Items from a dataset
- - -

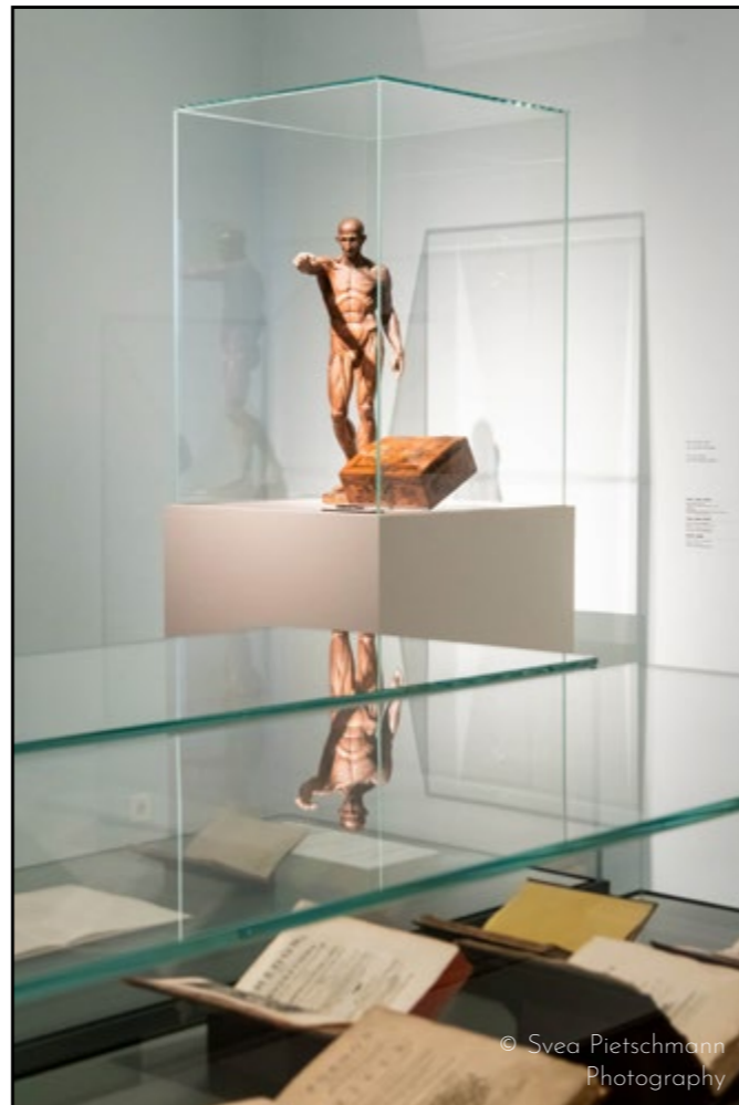
Musée Juif - Berlin

« Les œuvres d'art sont les témoins silencieux de l'histoire, et les vitrines sont leurs gardiennes bienveillantes. »
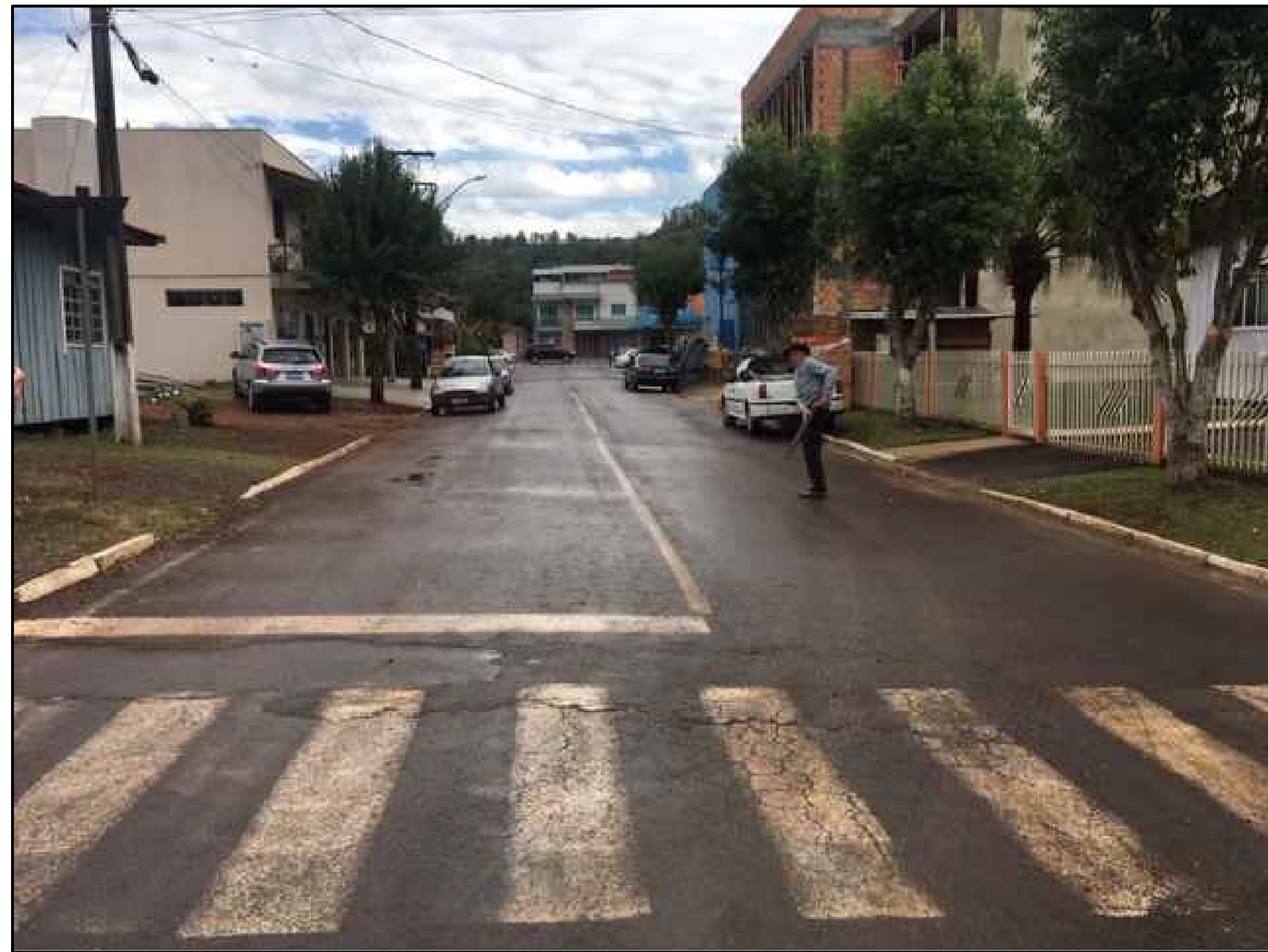
RUA HUMBERTO BACK
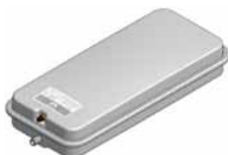
Disegno / Drawing 539/XL
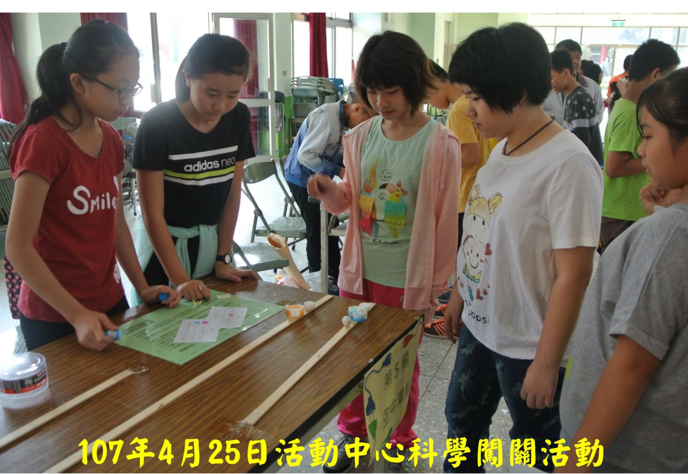
107年4月25日活動中心科學闖關活動
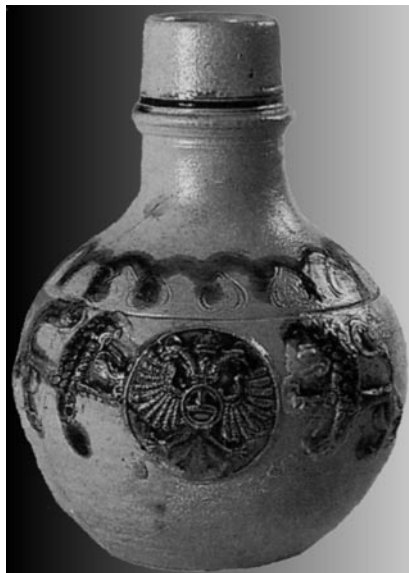
Abb. 8. Steinzeugtopf aus der Mitte des 17. Jhs. in den Sammlungen des Rheinischen Landesmuseums in Trier (nach: Seewaldt 1990, 133)

Es ist unklar, auf welche Weise die Steinzeuggefäße aus dem Rheingebiet nach Nowy Korczyn gelangt sind. Das war eine kleine Stadt, die im königlichen Besitz war und um die Hälfte des 13. Jhs vom König Bolesław Wstydlivy [Bolesław dem Schamhaften] (1226-1279) am linken Ufer der Nida, an deren Mündung in die Weichsel gegründet wurde. Der Aufstieg der Stadt begann in der Regierungszeit des Königs Kazimierz III Wielki [Kasimir des Großen] (1310-1370), der dort eine neue, gemauerte Burg stiftete. Eine besonders wichtige und fast zweihundert Jahre dauernde Rolle in der Geschichte Polens verdankt die am westlichen Rand des damaligen Sandomierz-Landes lokalisierte Stadt Korczyn dem König Władysław Jagiełło [Wladyslaw Jagiello] (1351/1361-1434), der ihr 1409 das Magdeburger Stadtrecht verliehen hat. Die Lage der Stadt begünstigte die Entwicklung des Handels. Ab dem 15. Jh. fand hier regelmäßig der Provinziallandtag des polnischen Adels aus den Krakau-, Sandomierz- und Lublin-Landen, wie auch aus den an die Krone angeschlossenen ruthenischen Gebieten, statt. Die häufigen Aufenthalte der Königsfamilie zogen dorthin auch Wanderer aus fremden Ländern an. In der Zeit der Könige Zygmunt August und Stefan Batory [Sigismund August (1520-1572) und Stephan Bathory (1533-1586)] gab es in Nowy Korczyn eine Waffen- und Schießpulvermanufaktur. Die letzten Ver-
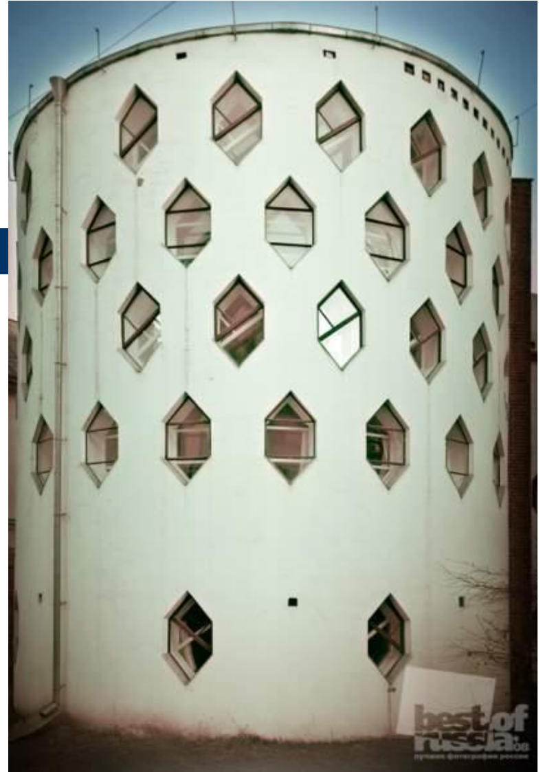
Дом-музей архитектора Мельникова

В 1923 г. возникла Ассоциация новых архитекторов (АСНОВА), виднейшими представителями которой были Н. А. Ладовский, К. С. Мельников. В 1925 г. создано Объединение современных архитекторов (ОСА) — их называли конструктивистами
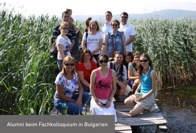
Alumni beim Fachkolloquium in Bulgarien
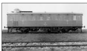
Motorový vůz M232.116 z roku 1935

Úpravu doznala obě čela vozů, která byla zúžena. Počet sedadel pro cestující se zvýšil na 58. Ve snaze o zavádění náhradních paliv v motorové trakci ČSD se do motorového vozu M232.116 zabudovaly dva generátory na dřevoplyn soustavy Vítkovice s příslušenstvím. Motor značky Tatra zůstal ve stejném provedení, při spouštění se používalo benzínu.
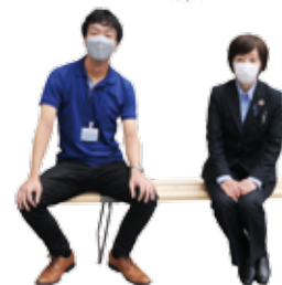
試作のベンチ（上）とベンチに座る三の丸倶楽部のメンバー
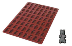
9 小グマ 64取 013652-4060 (WMA-25) 1-1122-0901 ¥27,500 600×400 出来上がり寸法:59×35×H18

耐熱温度:280℃ 耐冷温度:-45℃ 使用天板サイズ:フレンチサイズ600×400 (P.1041~1044参照) ※20のみサイズ400×300です。 材質:シリコン
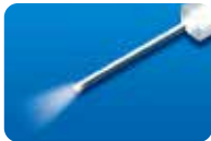
AU-3269D-6 ディスポ ファイバークローブ 20G(0.9mm)6本入
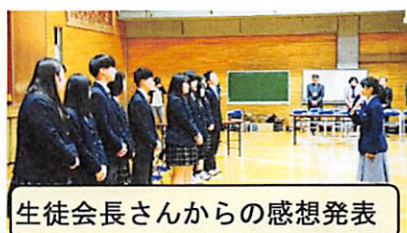
生徒会長さんからの感想発表

●中学生のアンケートから 高校選択の考え方が変わりました。 高校で何をすべきなのかわかりまし た。高校生の皆さん楽しそうでした。

- - -

## WHAT TO WORK ON
Could you repeat, exactly and with nothing else, the lines from the first line of the records through the line containing "Motorový vůz M232.116 z roku 1935"? Leave out the pictures.

## TASK ANSWER
Musée Juif - Berlin

« Les œuvres d'art sont les témoins silencieux de l'histoire, et les vitrines sont leurs gardiennes bienveillantes. »
RUA HUMBERTO BACK
Disegno / Drawing 539/XL
107年4月25日活動中心科學闖關活動
Abb. 8. Steinzeugtopf aus der Mitte des 17. Jhs. in den Sammlungen des Rheinischen Landesmuseums in Trier (nach: Seewaldt 1990, 133)

Es ist unklar, auf welche Weise die Steinzeuggefäße aus dem Rheingebiet nach Nowy Korczyn gelangt sind. Das war eine kleine Stadt, die im königlichen Besitz war und um die Hälfte des 13. Jhs vom König Bolesław Wstydlivy [Bolesław dem Schamhaften] (1226-1279) am linken Ufer der Nida, an deren Mündung in die Weichsel gegründet wurde. Der Aufstieg der Stadt begann in der Regierungszeit des Königs Kazimierz III Wielki [Kasimir des Großen] (1310-1370), der dort eine neue, gemauerte Burg stiftete. Eine besonders wichtige und fast zweihundert Jahre dauernde Rolle in der Geschichte Polens verdankt die am westlichen Rand des damaligen Sandomierz-Landes lokalisierte Stadt Korczyn dem König Władysław Jagiełło [Wladyslaw Jagiello] (1351/1361-1434), der ihr 1409 das Magdeburger Stadtrecht verliehen hat. Die Lage der Stadt begünstigte die Entwicklung des Handels. Ab dem 15. Jh. fand hier regelmäßig der Provinziallandtag des polnischen Adels aus den Krakau-, Sandomierz- und Lublin-Landen, wie auch aus den an die Krone angeschlossenen ruthenischen Gebieten, statt. Die häufigen Aufenthalte der Königsfamilie zogen dorthin auch Wanderer aus fremden Ländern an. In der Zeit der Könige Zygmunt August und Stefan Batory [Sigismund August (1520-1572) und Stephan Bathory (1533-1586)] gab es in Nowy Korczyn eine Waffen- und Schießpulvermanufaktur. Die letzten Ver-
Дом-музей архитектора Мельникова

В 1923 г. возникла Ассоциация новых архитекторов (АСНОВА), виднейшими представителями которой были Н. А. Ладовский, К. С. Мельников. В 1925 г. создано Объединение современных архитекторов (ОСА) — их называли конструктивистами
Alumni beim Fachkolloquium in Bulgarien
Motorový vůz M232.116 z roku 1935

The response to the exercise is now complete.